Information given:
= = = = =

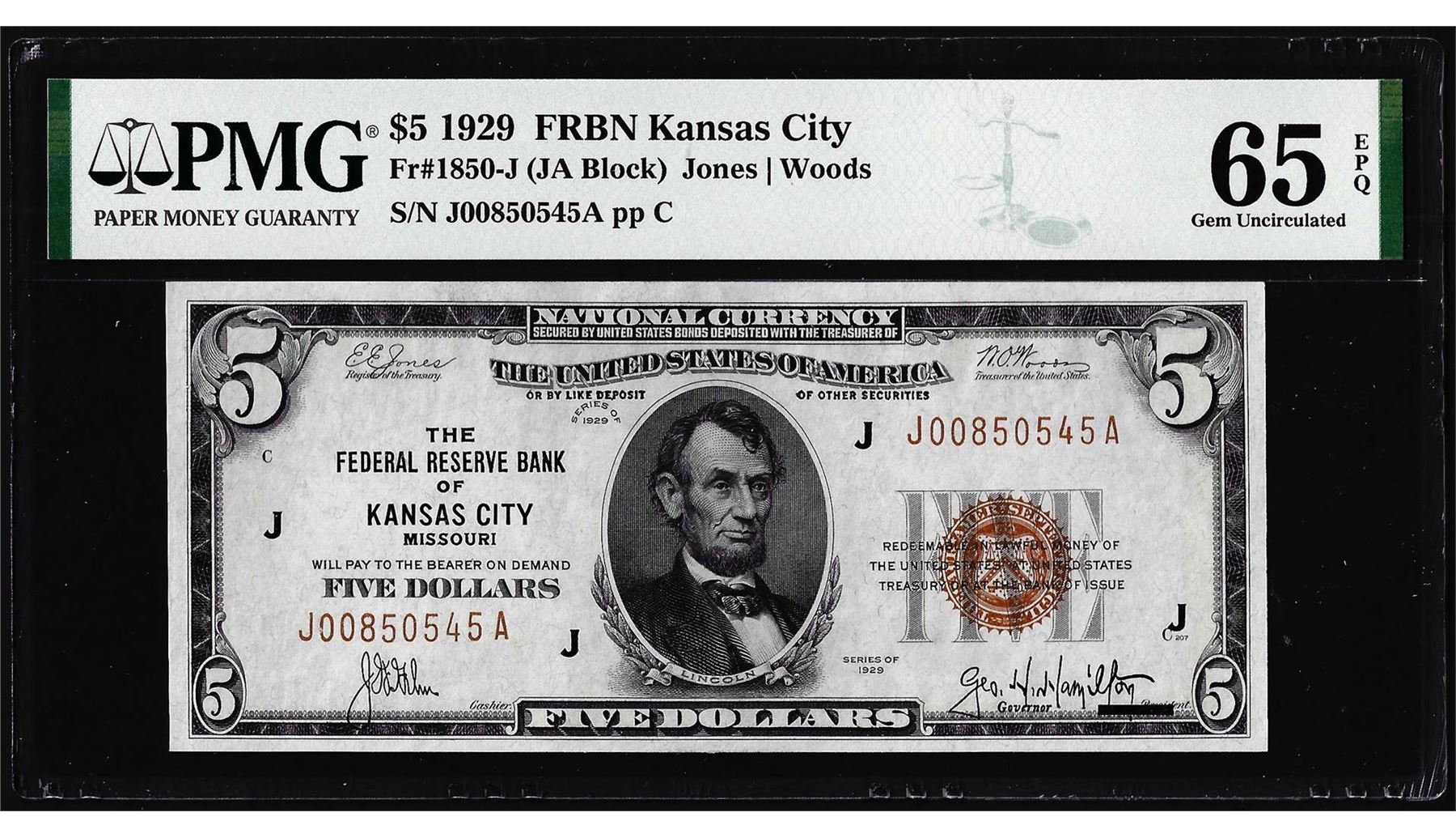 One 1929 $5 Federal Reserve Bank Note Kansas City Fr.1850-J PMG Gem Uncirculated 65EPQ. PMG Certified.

= = = = =

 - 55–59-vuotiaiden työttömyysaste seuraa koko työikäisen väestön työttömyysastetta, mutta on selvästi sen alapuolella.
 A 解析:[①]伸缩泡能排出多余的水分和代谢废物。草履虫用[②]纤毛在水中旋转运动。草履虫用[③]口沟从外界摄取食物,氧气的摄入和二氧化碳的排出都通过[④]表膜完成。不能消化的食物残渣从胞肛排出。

= = = = =

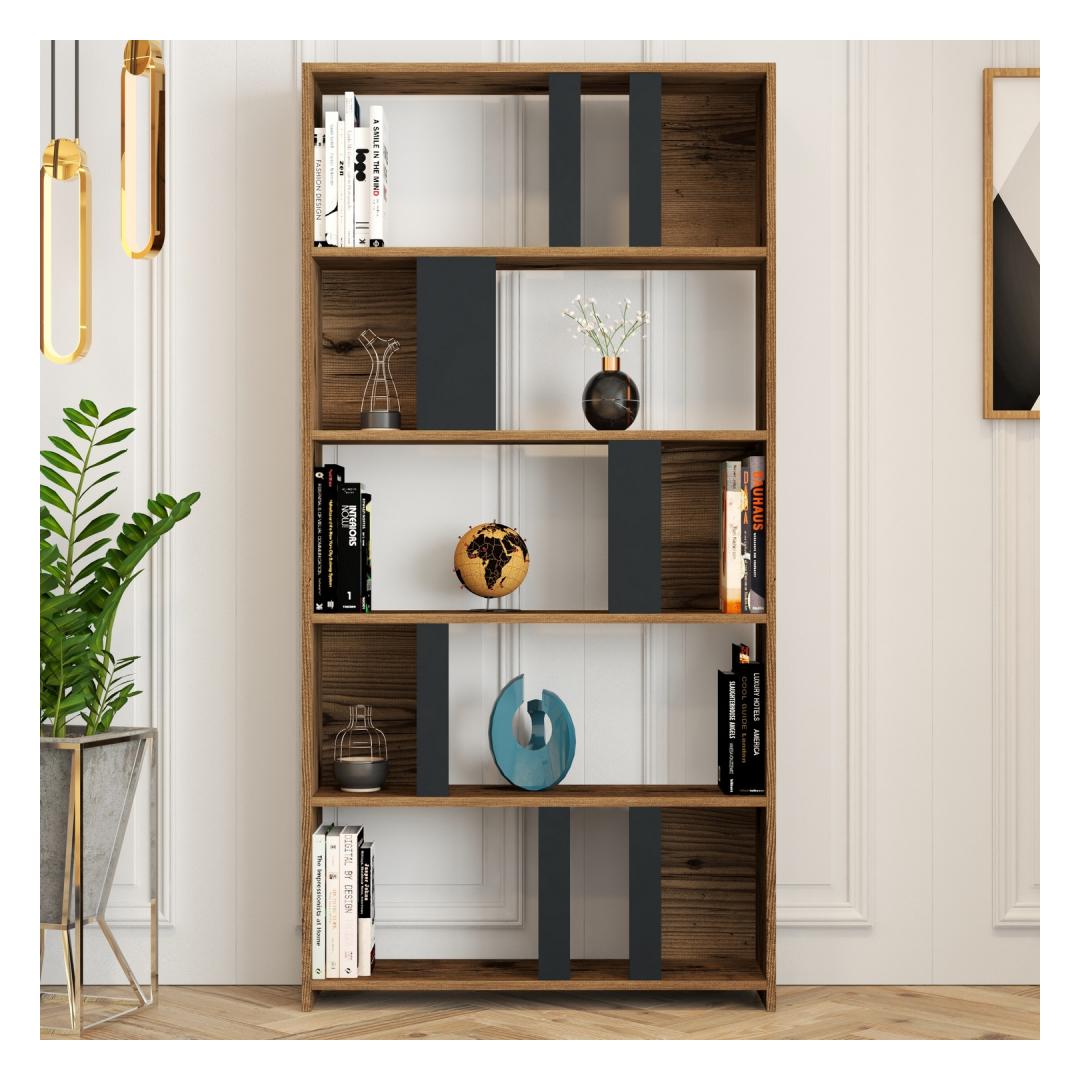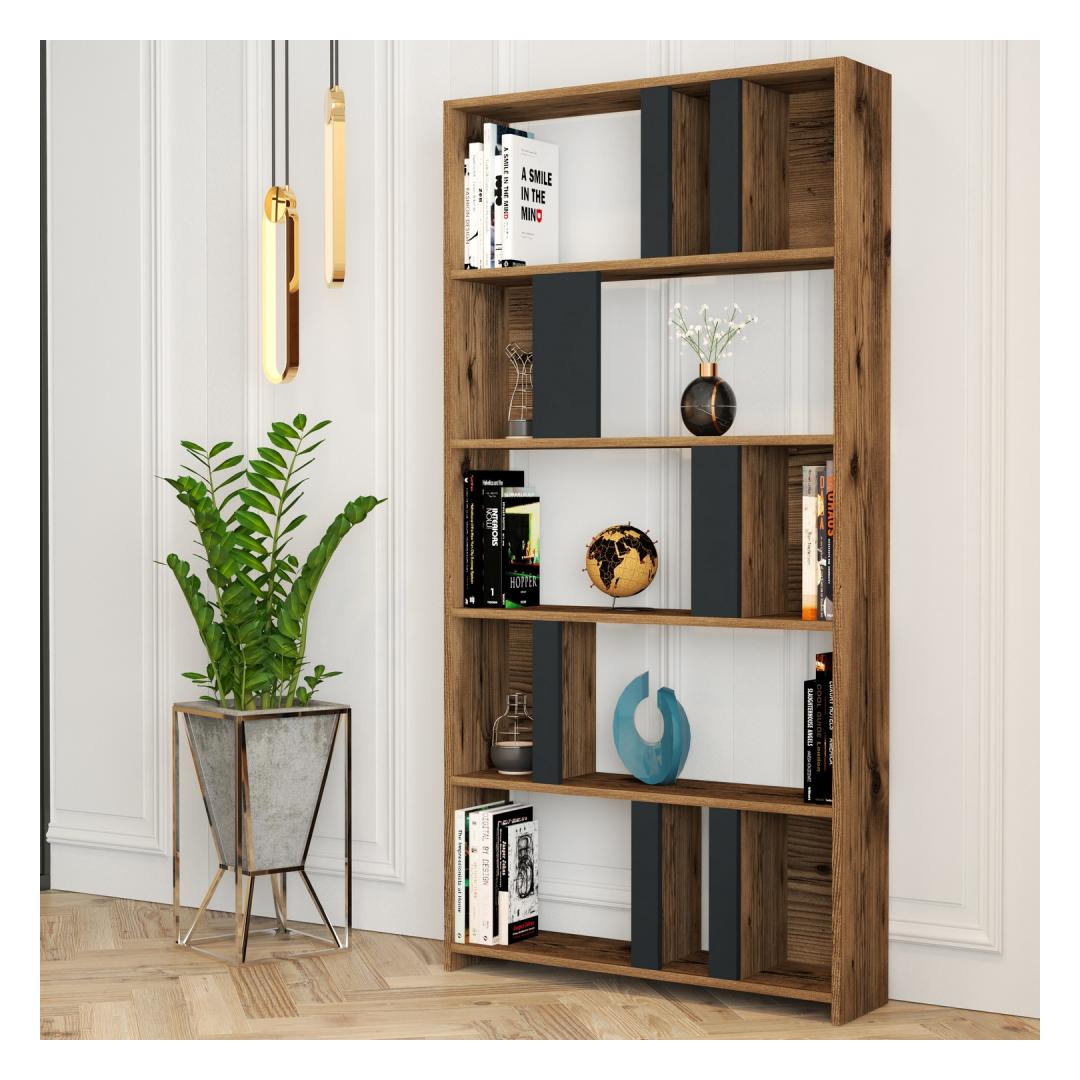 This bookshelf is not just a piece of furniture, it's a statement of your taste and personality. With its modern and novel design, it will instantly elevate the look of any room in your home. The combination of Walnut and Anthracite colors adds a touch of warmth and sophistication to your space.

= = = = =

What is required: Copy back the listing above exactly, but only from the line with "- 55–59-vuotiaiden työttömyysaste" through the line with "A 解析:[①]伸缩泡能排出", both ends included.

Reply:
 - 55–59-vuotiaiden työttömyysaste seuraa koko työikäisen väestön työttömyysastetta, mutta on selvästi sen alapuolella.
 A 解析:[①]伸缩泡能排出多余的水分和代谢废物。草履虫用[②]纤毛在水中旋转运动。草履虫用[③]口沟从外界摄取食物,氧气的摄入和二氧化碳的排出都通过[④]表膜完成。不能消化的食物残渣从胞肛排出。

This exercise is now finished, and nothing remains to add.